RAW DATA:
※

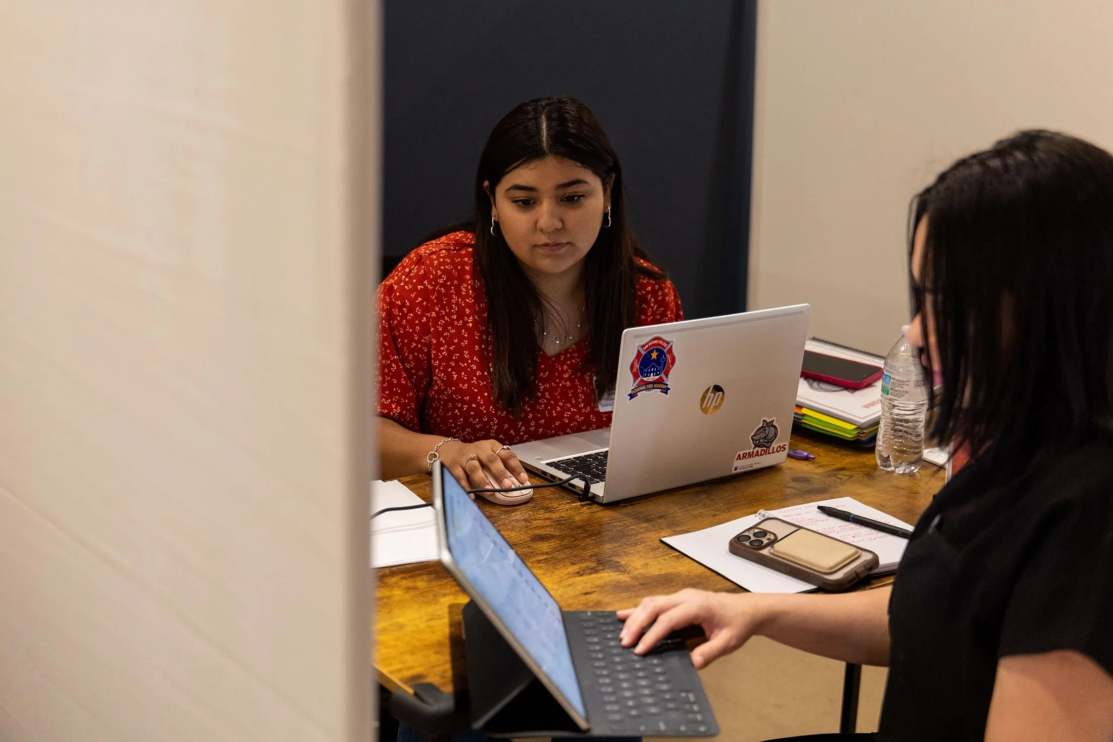 招生顧問格雷西·克洛斯娜在聖安東尼奧學院學生中心為護理專業學生梅麗莎·洛埃拉(右)提供選課指導。攝影師:凱莉·格林利為《彭博商業週刊》拍攝隨後,該學區將重點轉向專業重組,將學術項目整合為六大院系,以匹配聖安東尼奧就業市場需求。自2016年起,學生可按行業、興趣領域、職業類別甚至具體崗位瀏覽課程體系,並查看分學期設置的必修課程。多數項目採用"可疊加"學分制,學生從基礎證書起步,最終可獲得副學士學位。入學時,學生選定研究領域後需參加新生指導並面見學術顧問。
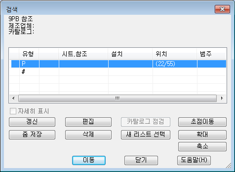 검색 작업으로 화면이 구조도 도면으로 이동하고 도식적인 구성요소를 줌합니다.
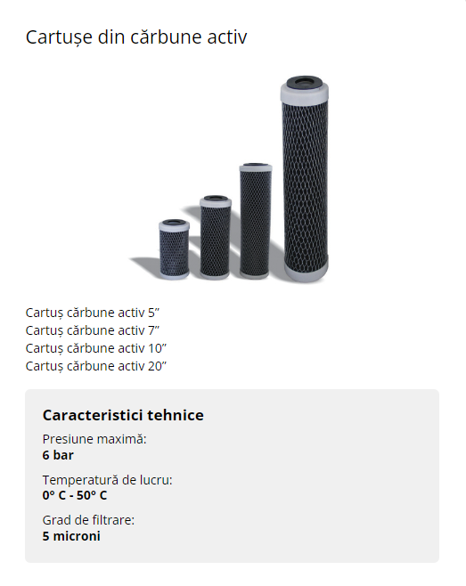 - Bloc de carbune : Fabricat din cărbune activ comprimat, oferind o filtrare mai fină și eliminând particule mai mici.

※

Transcribe the material above in full. No picture is to be copied.

 招生顧問格雷西·克洛斯娜在聖安東尼奧學院學生中心為護理專業學生梅麗莎·洛埃拉(右)提供選課指導。攝影師:凱莉·格林利為《彭博商業週刊》拍攝隨後,該學區將重點轉向專業重組,將學術項目整合為六大院系,以匹配聖安東尼奧就業市場需求。自2016年起,學生可按行業、興趣領域、職業類別甚至具體崗位瀏覽課程體系,並查看分學期設置的必修課程。多數項目採用"可疊加"學分制,學生從基礎證書起步,最終可獲得副學士學位。入學時,學生選定研究領域後需參加新生指導並面見學術顧問。
 검색 작업으로 화면이 구조도 도면으로 이동하고 도식적인 구성요소를 줌합니다.
 - Bloc de carbune : Fabricat din cărbune activ comprimat, oferind o filtrare mai fină și eliminând particule mai mici.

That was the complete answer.